During the first seconds after takeoff, a rocket traveled 208 kilometers in 50 minutes at a constant rate. Suppose a penny is dropped from a skyscraper and travels 153 kilometers in 5 hours at a constant rate. Which of these objects has a faster speed per hour? And by how much?

To compare the speeds of the rocket and the penny and find out which object has a faster speed per hour, we need to calculate their respective speeds using the formula for speed, which is:

Speed = Distance / Time

For the rocket: Distance = 208 kilometers Time = 50 minutes

First, we need to convert the time from minutes to hours since we want the speed in kilometers per hour.

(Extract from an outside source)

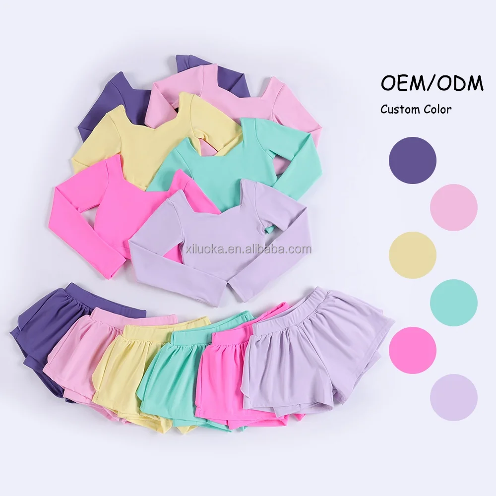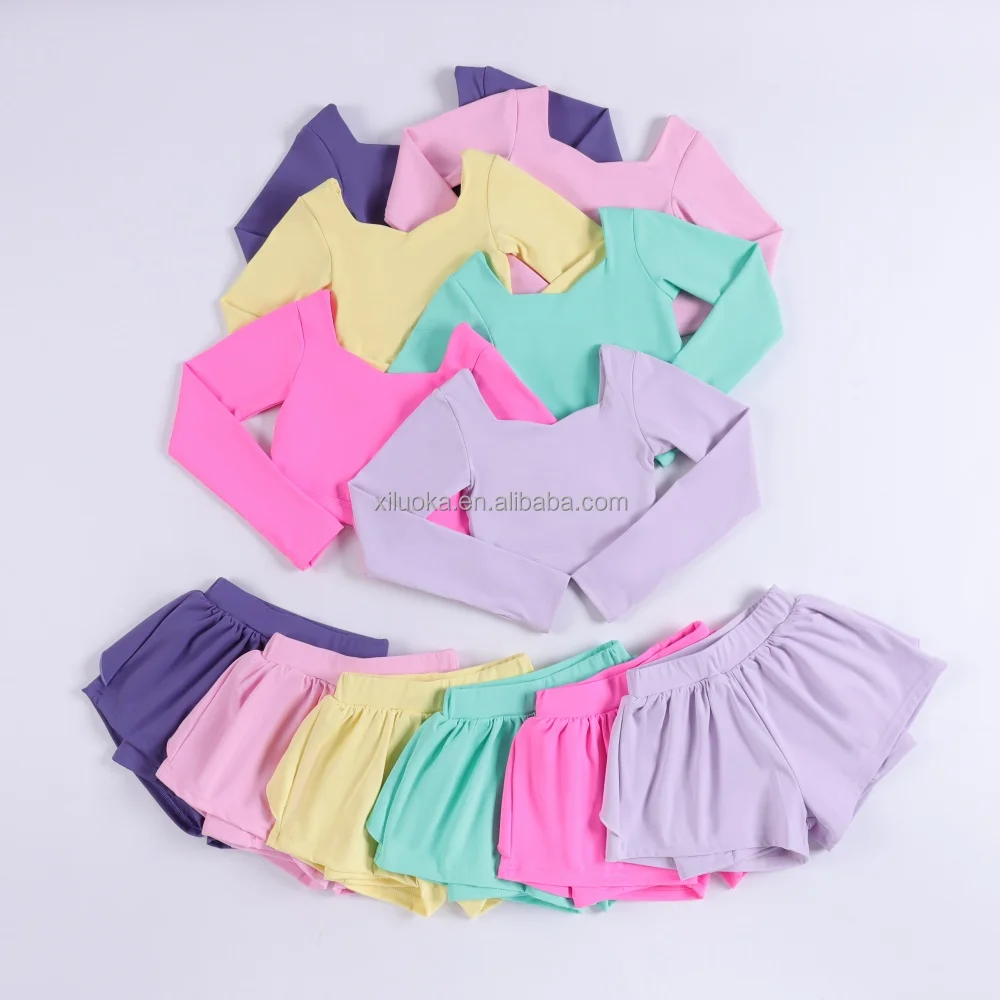 Girls Yoga Set Cross Back Long Sleeve Top With Loose Shorts Kids Workout Outfit Girls Clothing Sets

There are 60 minutes in an hour, so:

Time in hours = Time in minutes / 60 Time in hours = 50 / 60 Time in hours = 5/6 or approximately 0.833 hours

Now, let's calculate the speed: Speed of rocket = Distance / Time Speed of rocket = 208 km / (5/6) hours Speed of rocket = 208 km / 0.833 hours Speed of rocket ≈ 249.7 km/hour

For the penny: Distance = 153 kilometers Time = 5 hours

The penny's speed is straightforward to calculate since the time is already given in hours: Speed of penny = Distance / Time Speed of penny = 153 km / 5 hours Speed of penny = 30.6 km/hour

Comparing the speeds: The speed of the rocket is 249.7 km/hour and the speed of the penny is 30.6 km/hour.

To find out by how much the rocket's speed is faster: Difference in speed = Speed of rocket - Speed of penny Difference in speed = 249.7 km/hour - 30.6 km/hour Difference in speed ≈ 219.1 km/hour

The rocket is faster than the penny by approximately

219.1 kilometers per hour.